У грузинских заговорщиков имелась четкая внешнеполитическая ориентация на Персию; шахская деспотия оставалась для них социально родственной и хорошо понятной, в свое время глубоко усвоенной политической системой. В этой ориентации большие надежды возлагались на царевича Александра, в качестве политического эмигранта находившегося у персидского шаха. Но в заговор были вовлечены и другие грузинские царевичи, жившие в Петербурге и находившиеся на полном обеспечении российской казны.

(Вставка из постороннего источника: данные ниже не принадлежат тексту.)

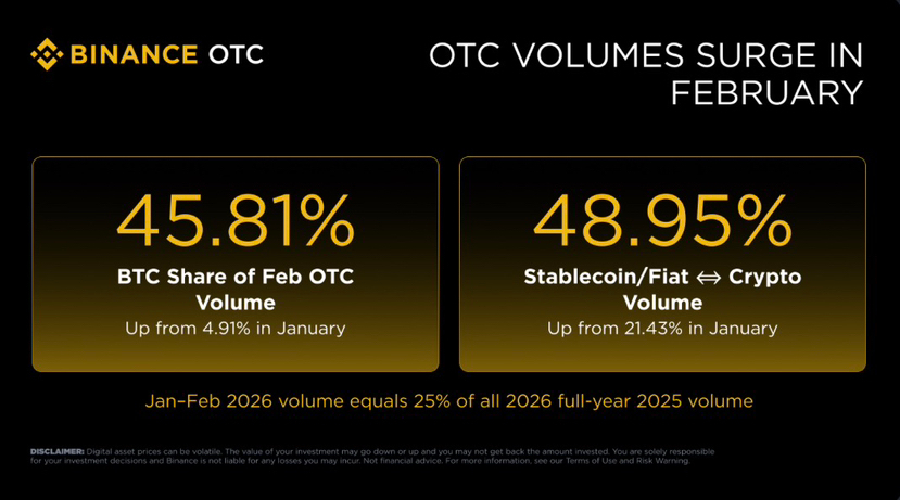🪙BTC’s OTC share jumped from 4.91% in January to 45.81% in February, as the $60,000 level attracts smart entry into spot BTC.
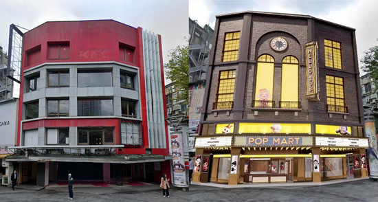 钻石型独栋建筑成为了泡泡玛特的“画布”,利用楼层原本的外部结构进行丰富的细节装饰,让旗舰店成为西门町商圈最瞩目的焦点。

Среди наиболее заметных и активных участников тавадского заговора против России были представители князей Эристави. Государственная комиссия по расследованию заговора впоследствии установила, что «в Карталинии (Восточная Грузия - прим.ред.) надежды злоумышленников основывались на князьях Эристовых».

Заговор грузинских царевичей и тавадов зарождался поздней осенью 1829 года. Несмотря на резкие перепады, политическая кульминация его наступила в 1832 году. Накануне дня вооруженного выступления заговорщики собирались распустить среди народа слух, будто российское командование намерено осуществить набор солдат и что против подобной мобилизации выступили князья. Одновременно собирались объявить от имени грузинского дворянства бал, «на который созвать всех высших русских чиновников; в определенный час всех без изъятия сих русских истребить; засим, ударя в колокола, возмутить народ, вынеся к нему иконы из церквей, призвать его на восстание к освобождению Грузии, и всех вообще в первое время противящихся убивать, несмотря ни на какое лицо». Однако из-за доноса одного из участников заговор был раскрыт. Впрочем, большинство его участников покаялись и были великодушно прощены.

Долгое время грузинские историки, судя по всему, стыдились этой страницы своей истории и пытались ее преподнести как нечто прогрессивное, как «восстание порабощенных царизмом народов Закавказья». В одном, однако, они были правы – в том, что «идеи, завещанные... руководителями заговора, сохранили свое влияние на все время» в последующей истории Грузии. Идеология русофобии, чуждая грузинскому народу, под разными названиями – от «национально-освободительного движения» до откровенного нацизма – будет переходить от поколения тавадов к молодой грузинской торговой буржуазии и далее, вплоть до грузинских коммунистов – организаторов теневой и криминальной экономики, в качестве главной политической доминанты. Корни грузинского фашизма новой эпохи берут свое начало из этой же национальной традиции.

В 1832 году граф Паскевич, пытавшийся пересмотреть политику российских властей в Южной Осетии покинул Кавказ. Его сменил барон, генерал Г.В. Розен.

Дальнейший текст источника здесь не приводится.